Series explores ground-breaking projects
Brits have named their modern wonders of the world, including the Channel Tunnel, Dubai’s Burj Khalifa skyscraper – and the internet.
The International Space Station also ranked highly in the poll of 2,000 adults, alongside Gaudi’s La Sagrada Familia and the Golden Gate Bridge in San Francisco.
It also emerged a quarter are more blown away by modern feats of engineering than those of the past.
Although 79 percent weren’t aware of ‘The Line’, the ambitious project in Saudi Arabia to create an entire indoor city of the future – but of those that were, 36 per ent reckoned it’d trump all else.
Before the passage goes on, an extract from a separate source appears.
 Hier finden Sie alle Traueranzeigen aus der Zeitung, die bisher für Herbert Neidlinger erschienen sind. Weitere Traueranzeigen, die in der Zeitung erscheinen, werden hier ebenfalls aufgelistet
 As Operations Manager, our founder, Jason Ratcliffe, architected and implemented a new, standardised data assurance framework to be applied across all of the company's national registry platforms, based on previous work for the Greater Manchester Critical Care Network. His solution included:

The research was commissioned by National Geographic ahead to launch Building Impossible with Daniel Ashville, a six-part series starting 14th September at 8pm, which explores ground-breaking projects currently under construction.
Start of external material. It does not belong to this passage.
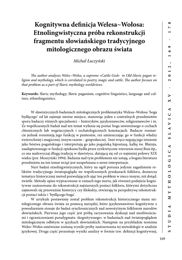 1 6 9 - 1 7 8 Kognitywna definicja Welesa~Wołosa: Etnolingwistyczna próba rekonstrukcji fragmentu słowiańskiego tradycyjnego mitologicznego obrazu świata 2 0 1 2 , Michał Łuczyński - The author analyses Weles~Wołos, a supreme »Cattle-God« in Old-Slavic pagan religion and mythology, which is correlated to poetry, magic and cattle. The author focuses on that problem as a part of Slavic mythology worldviews. S L A V I C A X V Keywords: Slavic mythology, Slavic paganism, cognitive linguistics, language and culture, ethnolinguistics. S T U D I A M Y T H O L O G I C A W slawistycznych badaniach mitologicznych problematyka Welesa~Wołosa ‘boga bydlęcego’ od lat zajmuje istotne miejsce, stanowiąc jeden z centralnych przedmiotów sporu badaczy różnych specjalności – historyków, językoznawców, religioznawców i in. Ze współczesnych badań nad ten temat wyłania się postać boga suwerennego o cechach chtonicznych lub wegetacyjnych i eschatologicznych konotacjach. Badacze rozmaicie jednak rozumieją jego funkcję w panteonie, raz umieszczając go w funkcji władzy zwierzchniej i magicznej, innym razem – gospodarczej. Inni wręcz negują jego istnienie jako bóstwa pogańskiego i interpretują go jako pogańską hipostazę, kalkę św. Błażeja, zaadaptowanego w funkcji opiekuna bydła przez synkretyczne wierzenia starej Rusi itp., co ma nadzwyczaj długą tradycję w slawistyce, datującą się od co najmniej połowy XIX wieku (por. Moszyński 1994). Badania nad tym problemem nie ustają, a bogata literatura przedmiotu na ten temat wciąż jest uzupełniana o nowe interpretacje. Nurt badań etnolingwistycznych, który na ogół porusza jedynie zagadnienie reliktów tradycyjnego światopoglądu we współczesnych przekazach folkloru, dostarcza tematyce historycznej metod pozwalających ująć ten problem w nieco innym, niż dotąd, świetle. Metody opisu wypracowane w ramach tego nurtu, jak również podejście kognitywne zastosowane do rekonstrukcji najstarszych postaci folkloru, którymi dotychczas zajmowali się przeważnie historycy czy filolodzy, otwierają tu perspektywę rekonstrukcji postaci także i ‘bydlęcego boga’. W artykule postawiony został problem rekonstrukcji historycznego stanu mitologicznego obrazu świata za pomocą narzędzi, które językoznawstwo kognitywne z powodzeniem stosuje do badań synchronicznych nad nowożytnym folklorem narodów słowiańskich. Pierwsza jego część jest próbą zarysowania dyskusji nad możliwościami i ograniczeniami paradygmatu »kognitywnego« w badaniach nad światopoglądem mitologicznym odbitym w językach słowiańskich. Następnie na przykładzie teonimu Weles~Wołos omówione zostaną wyniki próby zastosowania tej metodologii w analizie językowej. Druga część prezentuje wyniki analizy w formie tzw. definicji kognitywnej, 169 Kognitywna definicja Welesa~Wołosa składającej się z a) eksplikacji z zastosowaniem podziału fasetowego; b) dokumentacji hasła, obejmującej wszystkie znane teksty, w których teonim się pojawia. Celem artykułu jest rekonstrukcja językowo-kulturowego obrazu Welesa~Wołosa jako jednego z bóstw panteonu wschodnich Słowian na podstawie tekstów literackich, historycznych i źródeł leksykograficznych datujących się od wczesnego średniowiecza po czasy nowożytne. Przeprowadzona kwerenda źródeł pozwoliła włączyć do korpusu tekstów, na podstawie których dokonano opisu konotacji teonimu, oprócz znanych i wielokrotnie w historiografii przywoływanych, również nieznane i dotychczas nie wykorzystywane zapisy historyczne i folklorystyczne. Oprócz więc źródeł znanych i powielekroć cytowanych, znalazły się tu m.in. »Latopis Rostowski« i ludowe podania etiologiczne z terenu Rosji (dotychczas nie badane pod tym kątem). Rozszerzenie materiału pozwoliło – jak się wydaje – na pełniejszą rekonstrukcję i jej szersze oparcie w dokumentacji źródłowej. Wyekscerpowane fragmenty zostały następnie poddane analizie semantycznej, której zapisem jest część hasłowa. Teoretycznie i metodologicznie, praca nawiązuje do założeń lingwistyki kognitywnej, wyłożonych w szeregu prac badaczy zw. z kręgiem etnolingwistyki lubelskiej – przede wszystkim Jerzego Bartmińskiego. Metoda definicji kognitywnej, jaką zastosowano w pracy, została opracowana na potrzeby wydawanego od 1995 r. »Słownika Stereotypów i Symboli Ludowych« (w skrócie SSSL)1. O przydatności tej formuły do etnolingwistycznego opisu demonów czy innych postaci mitologicznych świadczą liczne dotychczas opublikowane opracowania na przykładzie polskich materiałów etnograficznych lub historycznych (zmora, strzyga, płanetnik, Szatan i in.). Okazała się ona przydatna i z powodzeniem zastosowana w etnolingwistycznym opisie pojęć sfery demonologia. Przedstawione przeze mnie wyniki badań są próbą wstępnego zastosowania tej metody do rekonstrukcji fragmentu historycznego stanu obrazu świata – w tym konkretnym przypadku postaci bóstwa nominowanego za pomocą teonimu Weles~Wołos. Definicja kognitywna teonimu Weles~Wołos 1. Definicja kognitywna w opisie postaci mitologicznych Próby rekonstrukcji semantyki postaci mitologicznych znanych ze źródeł historycznych podejmowane wielokrotnie były przez historyków, fi lologów i badaczy innych dyscyplin. Jednak zastosowanie metody opisu konotacji jednostek leksykalnych zw. definicją kognitywną do stanu historycznego i rozszerzenie jej poza granicę jednego języka, jednego stylu i jednego przedziału chronologicznego wydaje się nowe i nie było dotąd szerzej stosowane. Definicja kognitywna nie jest jedyną metodą opisu etnolingwistycznego pola semantycznego ‘mitologia i wierzenia’, jaką dotychczas zaproponowano. Na użytek wydawanego w Moskwie słownika »Slavjanskije drevnosti« stosuje się schemat opisu postaci mitologicznych (Схема; por. Bartmiński 2007: 50–51, 85), który przewiduje od kilku do kilkunas

Daniel, who has built his own construction empire from scratch, said: “There are incredible feats of engineering sprinkled across the globe and it seems inbuilt in humanity to never stop evolving and developing such creations.
“The research is a celebration of these incredible creations and the wonder they can bring to those who are lucky enough to witness them with their own eyes.
“But it doesn’t stop, as we speak there are people putting work into pushing the boundaries further than ever before with new feats of engineering.”
Following the findings, a quiz has been created testing your knowledge of extreme engineering feats.
The survey also found uniqueness, how much of an engineering marvel it is and the innovation that’s involved are the key elements that would make something worthy of being considered a modern wonder.
And 40 percent think it’s time for a new list of modern wonders of the world – with nine being seen as the ideal number.
Stonehenge, the Eiffel Tower and the Louvre in Paris were the most visited iconic locations, followed by the colosseum in Rome, Barcelona’s Sagrada Familia and the Sistine Chapel in Vatican City.
When deciding which impressive sights are worth visiting, family and friends, TV shows and Google were the most common sources of inspiration.
Looking to the future, modern feats of engineering respondents would like to see included zero waste communities, smart eco-cities and sky gardens and farms.
However, in the present, 62 percent find it ‘mind bending’ at times thinking about how some modern buildings have been built.
And one in six come up with their own theories on how they were created, according to the OnePoll data.
Stonehenge, the Great Wall of China and the pyramid of Giza were the creations that left respondents most baffled.
It also emerged 59 percent reckon it’s crucial for the UK to continue constructing remarkable buildings and landmarks that solidify the country’s significance on the global map.
Building Impossible with Daniel Ashville takes viewers on an exploration of the world’s most extraordinary and precarious builds – from the construction of the largest ocean-going cruise liner, ‘Icon of the Seas’ in Finland to the ground-breaking Brenner Tunnel beneath the Alps.
Simon Raikes, commissioning editor at National Geographic, said: “Sometimes it does really feel like the impossible has been made possible when you look at so many feats of engineering across the world.
“Every one of the cutting-edge stadiums, bridges, ships, tunnels, and aircraft Daniel visits is pushing the limits of modern engineering – and so this series offers a fascinating insight into the imagination, ingenuity, and sheer hard work required to build the impossible.”